Any proposed split will only take place after May 8’s elections, if it happens at all.

Disputes over policy have resulted in senior members of the official opposition, the Democratic Alliance (DA), considering breaking away to form a new political party, Bloomberg reports.

The publication alleges that some within the DA feel certain policies show a shift away from the party’s liberal roots.

The emphasis on the securing of South Africa’s borders, as well as internal conflict over the party’s handling of black economic empowerment, are cited as examples of this.

According to Bloomberg, the proposed split has advanced to the stage that talks about securing funding for a new party have already been held. Any plans for a split will, however, be put off until after the May 8 elections.

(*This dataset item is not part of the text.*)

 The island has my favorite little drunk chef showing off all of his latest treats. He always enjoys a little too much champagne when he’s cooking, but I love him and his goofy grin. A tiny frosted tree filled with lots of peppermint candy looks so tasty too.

The publication suggests there’s a “strong chance” that the faction will choose to try to change the DA internally rather than splitting.

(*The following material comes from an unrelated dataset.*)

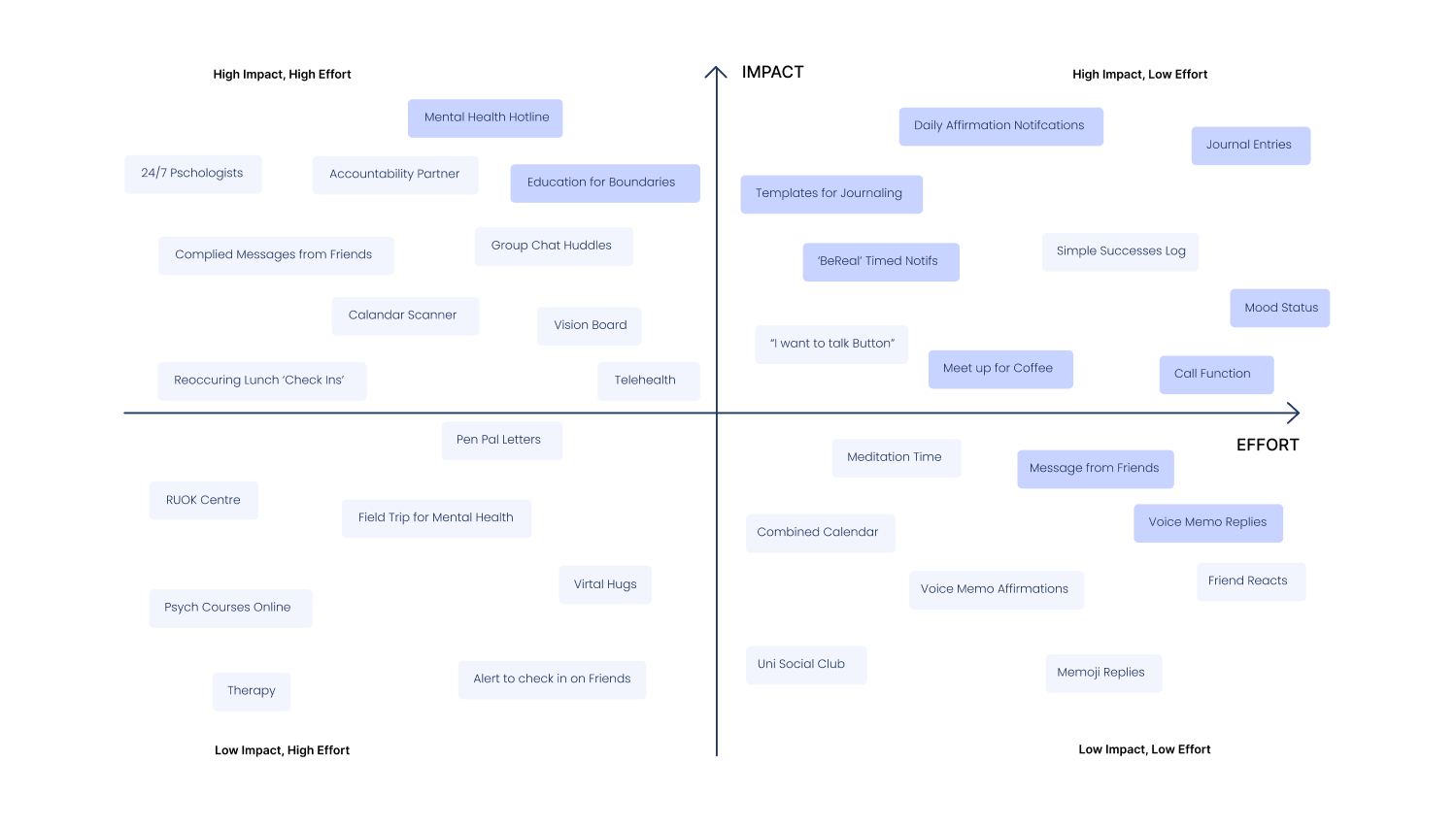 The general aim of these workshops were to brainstorm features that would help to alleviate some of the common problems young adults face when talking about their mental health to their peers.

According to DA national spokesperson Solly Malatsi, however, Bloomberg’s claims of a proposed split “are wholly incorrect.”

“The entire leadership of the DA is united in presenting our offer of building ‘One South Africa for all’ by bringing South Africans from diverse background to steer our country back to the path of prosperity,” he added.

In a March 18 interview, DA leader Mmusi Maimane also dismissed claims a split was being discussed by anyone in the party.

READ MORE: Maimane’s future uncertain amid alleged plans to oust him – report

In January, Malatsi responded to reports that there were two rival factions within the DA, with the one pushing for Maimane’s removal depending on how the party did in the elections, by similarly saying these reports were “completely false”.

This followed former DA chief whip for Emfuleni Simon Nkosi telling eNCA that a faction calling for Maimane’s removal was well known, and had originated even before Maimane’s re-election as DA leader in 2018.

“There’s a group of people campaigning, going around, saying [at] the next national congress Mmusi needs to go out. I know of it. We’ve been contacted so many times,” he said at the time.

Whether the faction Bloomberg reports as wanting to split consists of Maimane’s supporters or detractors is unclear.

eNCA has reported, however, that the “liberal” faction within the DA wants to see the back of Maimane.

The Citizen also reported in January that according to analysts Somadoda Fikeni and Ralph Mathekga, the resignation of head of policy Gwen Ngwenya was a minor disaster for the party and clearly showed that it was divided.

This appears to be in line with what Daily Maverick reported in August 2018. The publication said there was a battle of wills within the party between “traditional liberals” and “a more radical faction bent on racial transformation”.